Already on GitHub? Sign in to your account

Data format of "saved" designs #3

Open
meisl opened this issue Oct 29, 2013 · 32 comments
Open

Data format of "saved" designs #3

meisl opened this issue Oct 29, 2013 · 32 comments

Comments

@meisl
Copy link
Collaborator

meisl commented Oct 29, 2013

What the heck, I just can't resist:

So far I've found out that it's base64 encoded deflated (RFC1950) binary data that more-or-less represents the design area cell by cell. That's the rough idea.

BUT: plz note that in fact things aren't (can't be) as easy as "cell by cell". That's because of the connections that can be in the metal layer or the silicon (P or N, which of them might be implicit), or both.
So one (stupid) way to encode all this into a one-cell representative datum would be to enumerate all possible combinations.
However, that
a) would mean a lot of redundancy (think: connected-to-right implies right neighbour to be connected-to-left and so on).
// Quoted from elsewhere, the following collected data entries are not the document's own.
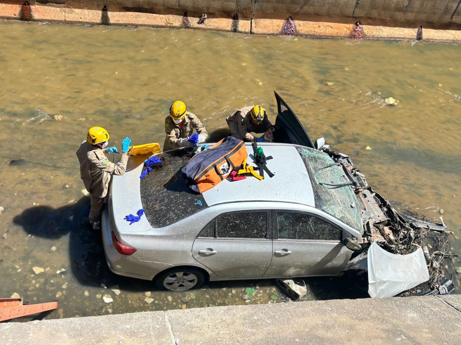 Mulher perde controle de carro e cai no Córrego Pirapitinga, em Catalão. Foto: Divulgação/10º BBM Catalão
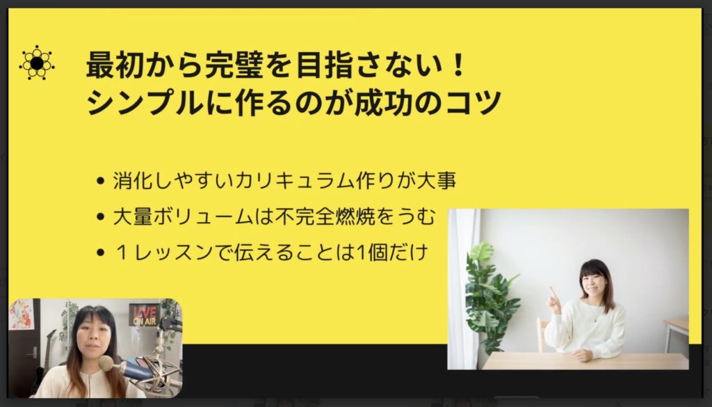 そして、重要なマインドセットをお伝えします。「最初から完璧を目指さない!シンプルに作るのが成功のコツ」についてです。実はオンライン講座を作ろうというふうに思っても、挫折してしまう人も多いです。実際に私の場合も、ノってる時はすぐ作れたりするんですが、ノってない時はなんか2、3ヶ月寝かしてしまったりするんですね。
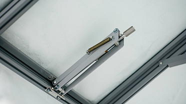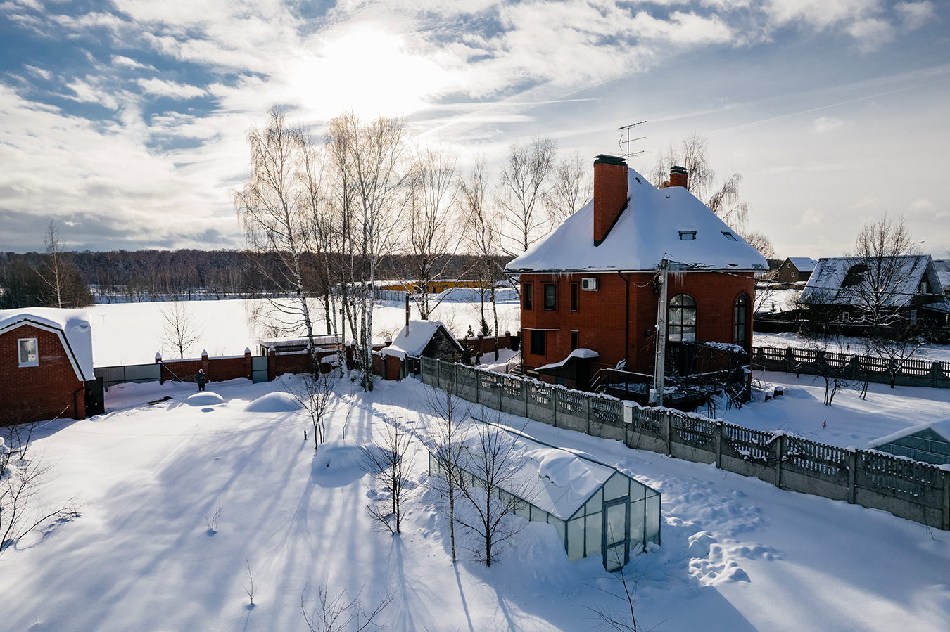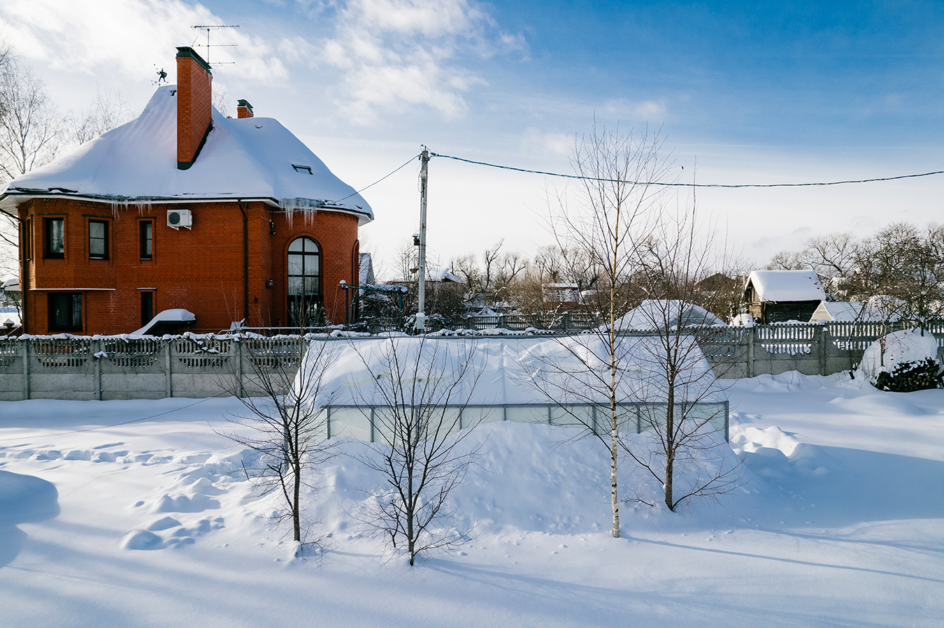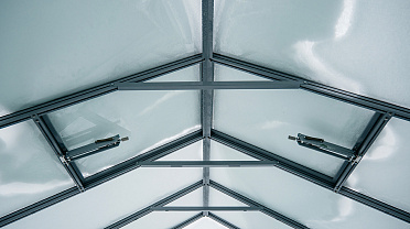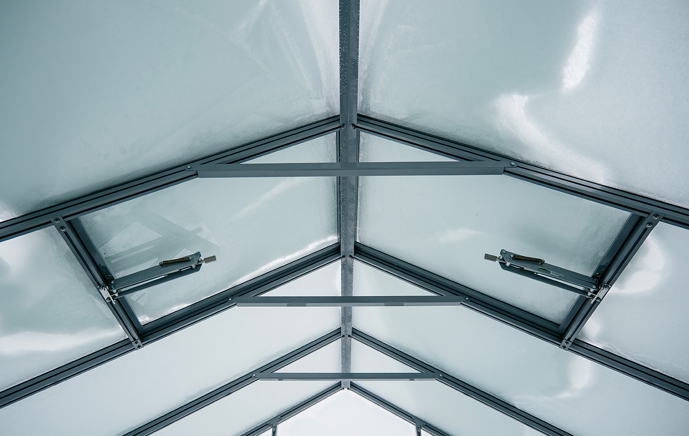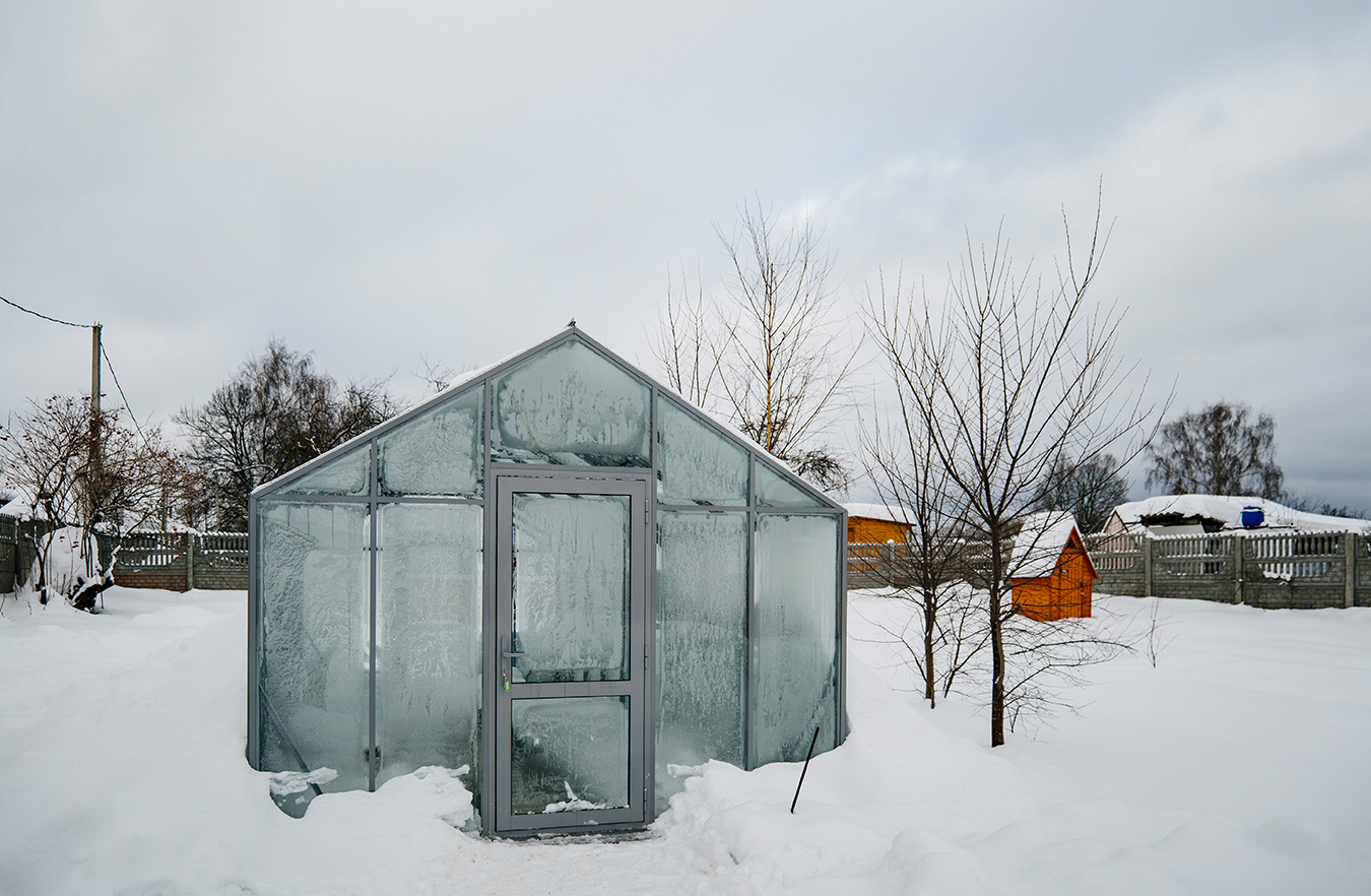 Сдержанное цветовое решение с акцентом на архитектуру и чистоту линий. Глубокий серый оттенок подчёркивает геометрию формы, а в зимний период теплица сохраняет уверенную устойчивость к снеговым нагрузкам, оставаясь выразительным элементом участка.
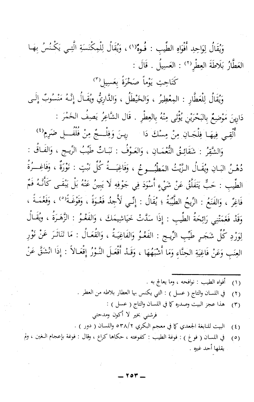 وَيُقَالُ لِوَاحِدِ أَفْوَاهِ الطِّيبِ: فُوهٌ، وَيُقَالُ لِلْمِكْنَسَةِ الَّتِي يَكْنُسُ بِهَا العَطَّار بلاطة العطر: العسيل. قال:
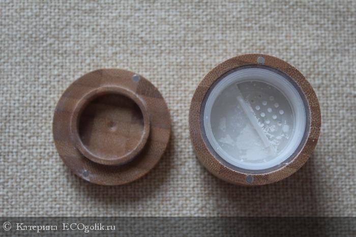 Крышка крепится к коробочке за счет магнитиков, что весьма продуманно. Во-первых, легко открывается - не надо прилагать усилие (из-за этого есть риск частично рассыпать пудру). Во-вторых, это достаточно надежно. При падении бамбуковая крышка не отлетает от коробочки. Было проверено, и не раз
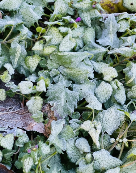 2024年11月15日 07時22分 霜 マイナス気温予報の朝、霜が降りていました。 ラミウムが美しい姿。 先日の雪が積もる前に裏庭からつんだミントを一輪挿しで愉しんでいました。 触るといいかおりがしてにっこりできる♬ 根がたくさんのびてきました。 置かれた環境で文句も言わず前向きに知恵を絞り生き抜こうとするそのパワーがすごいです。 植物の、どの部分で考えてきめているのか永遠の謎。。 コメント(0)
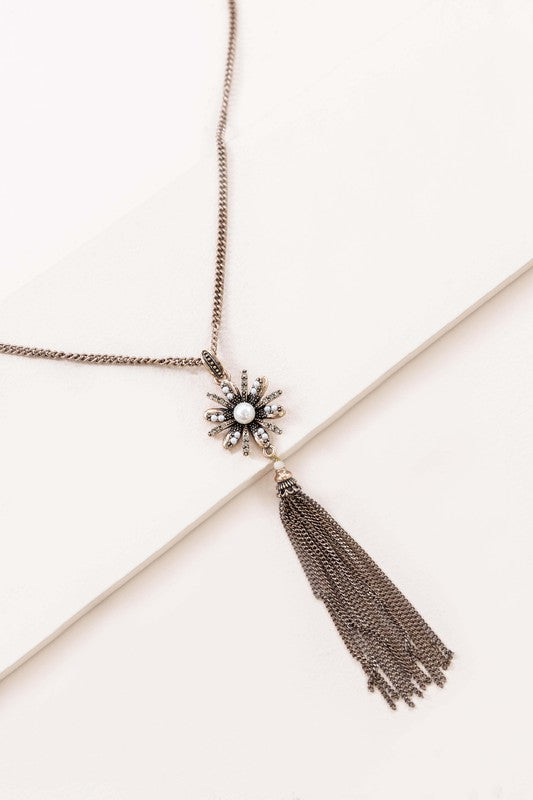 Chic dark chained necklace featuring a free-flowing tassel and floral pendant.
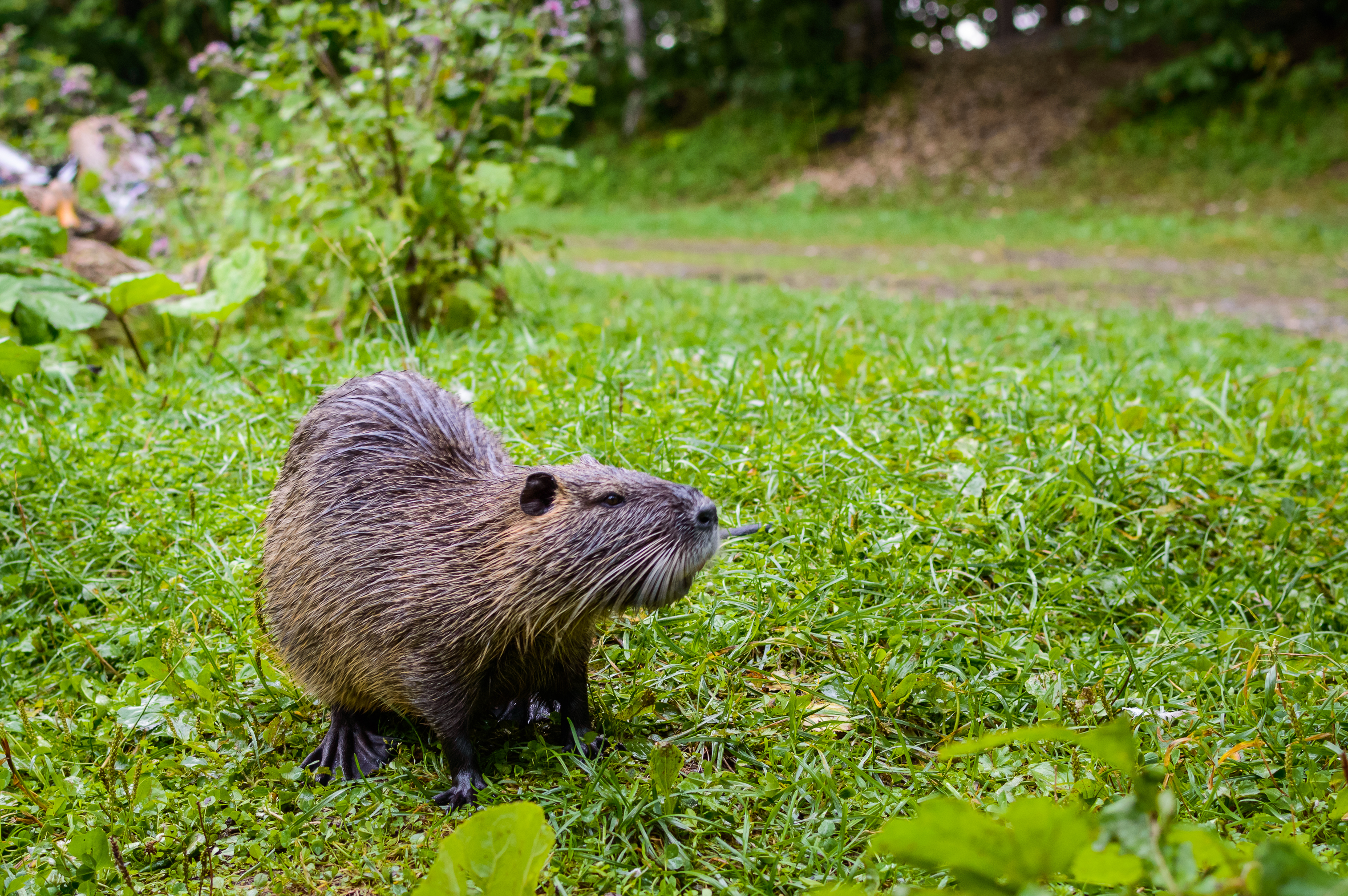 Задний план изображения размыт, создавая эффект боке, который фокусирует все внимание на животном. Видно зеленую растительность, кусты и деревья, а также намек на грунтовой путь, уходящий вдаль. Это создает ощущение естественной среды обитания, где нутрия чувствует себя в безопасности. Цветовая гамма изображения преимущественно зеленая, с оттенками коричневого у животного, что создает спокойную и умиротворяющую атмосферу.
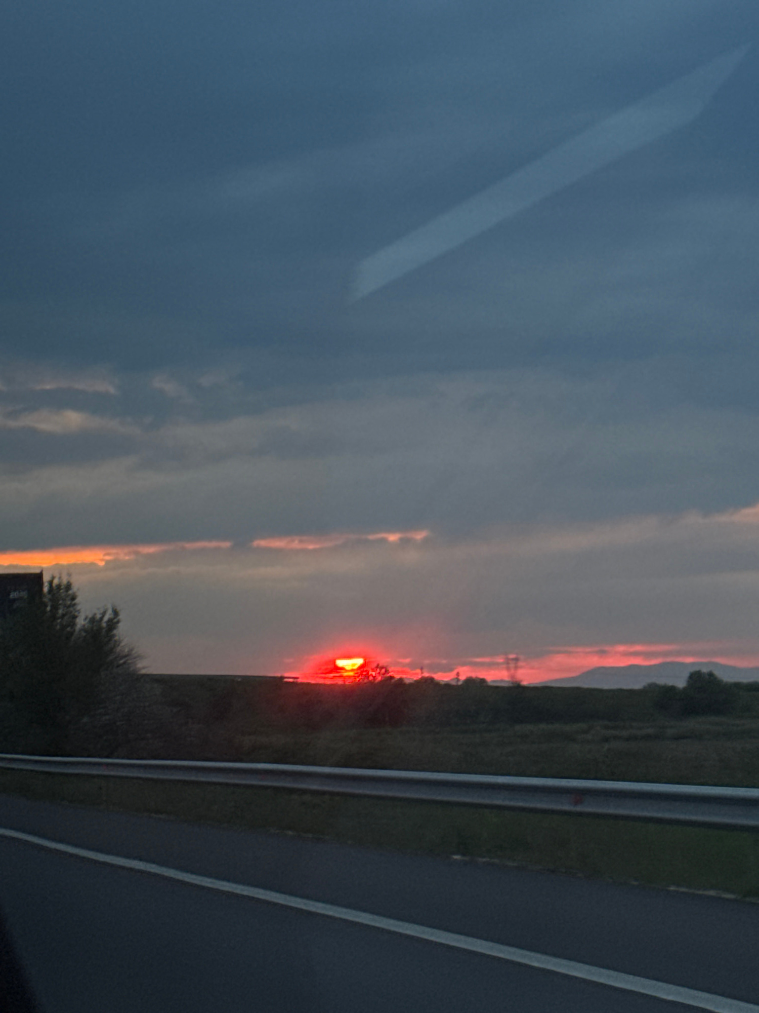 The image, rotated, captures a dramatic sunset scene viewed from inside a moving vehicle. The horizon runs vertically on the right side of the frame in the original orientation, but when viewed correc…read more
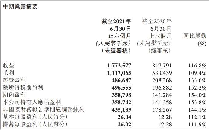 8月27日,泡泡瑪特披露2021年上半年業(yè)績報告,收入達到人民幣17.73億元,同比增長116.8%,經(jīng)調整純利達到人民幣4.35億元,同比增長144.1%。
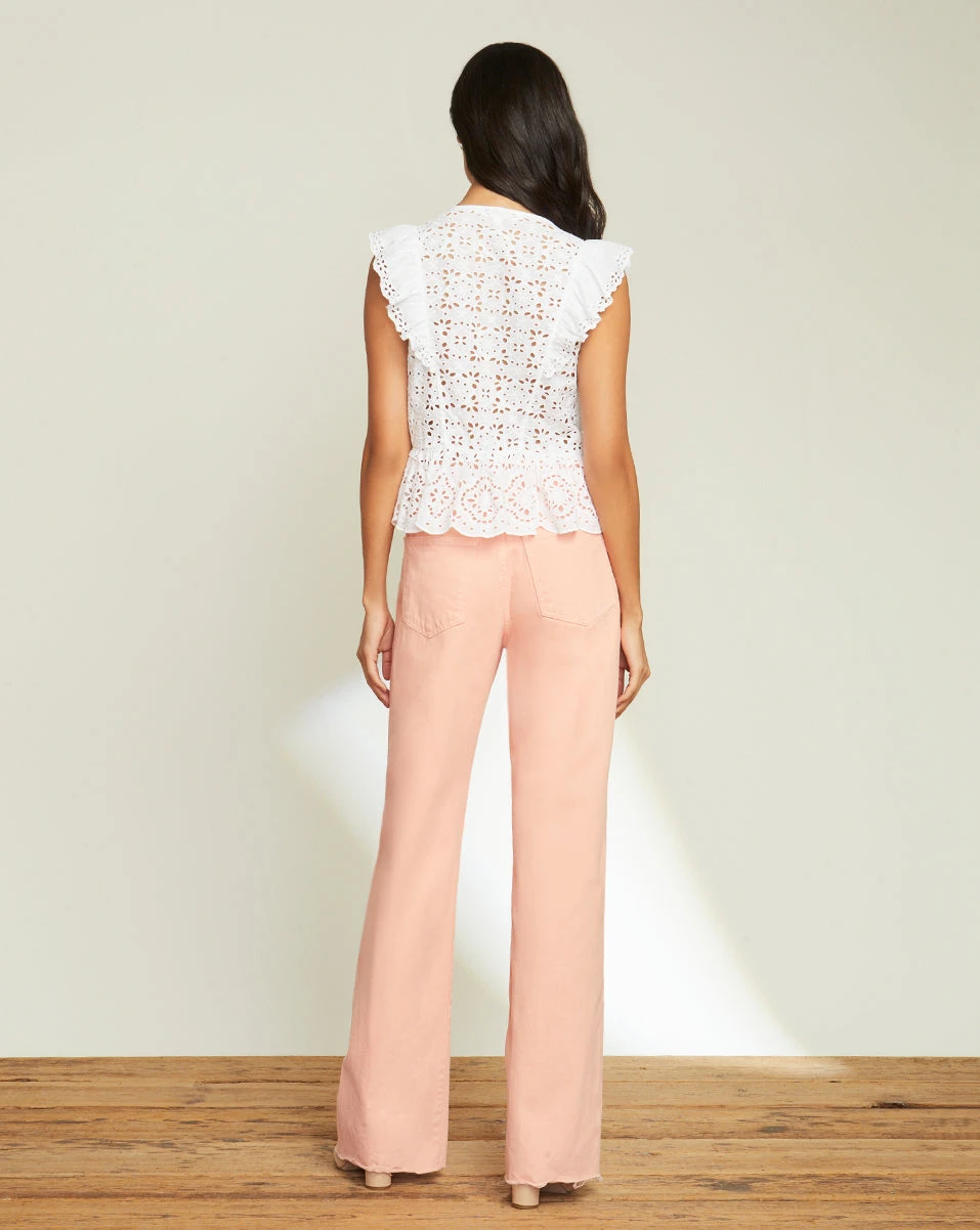 Ruffled trims and allover eyelet embroidery define our Araya top. Front-button closures complete the look of this feminine style. Wear with straight-leg jeans and platform sandals for a classic uptown look.
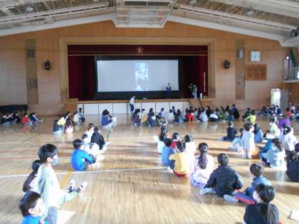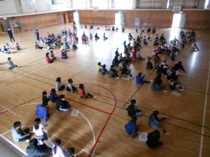 児童集会では、2年生と一緒に「この先生は誰でしょう」クイズをしました。久しぶりの集会でしたが、4年生はリーダーとして、2年生の子どもたちに声をかけて取り組むことができていました。
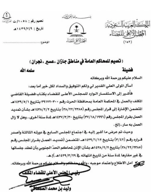 التعميم رقم (1058/ت) بتاريخ 09-07-1439هـ يشير إلى قرار المجلس الأعلى للقضاء بتمديد الإذن لمحاكم الحد الجنوبي (في مناطق جازان، عسير، ونجران) لعقد جلساتها في أماكن غير مقارها الرسمية لمدة سنة إضافية، اعتباراً من تاريخ انتهاء القرار السابق في 29-03-1439هـ. هذا التمديد جاء استجابة للاستفسار الموجه للمجلس حول استمرار سريان هذا الإجراء.
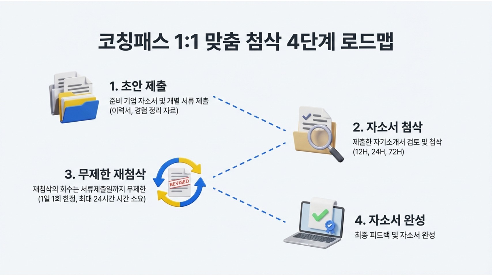 서류 맞춤 첨삭은 서류를 메일로 보낸 이후에는 첨삭 작업이 바로 들어가므로 환불이 불가합니다. 서류를 보내기 전에만 환불이 가능합니다.
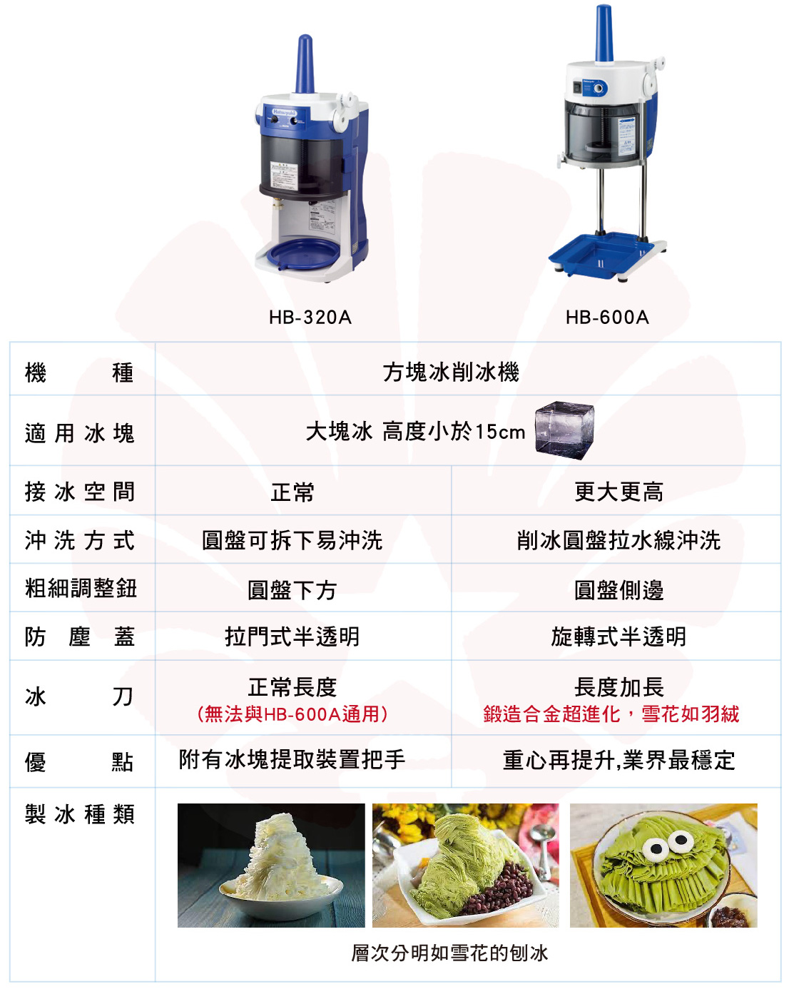 | 出冰形式 | 一般雪花冰 | 綿密雪花冰(可作造型冰) |

Although, one might just say (ie have said): "let deflate do its job"...
and
b) does not match the _in_flated size of the data compared to what I calculated (actual is way less than what I think it needed to be)

Hence I guess there's rather two chunks of information:

  • cell contents: metal or not, silicon or not and if so which, via or not, junction or not; like so (of course not all of the combinations)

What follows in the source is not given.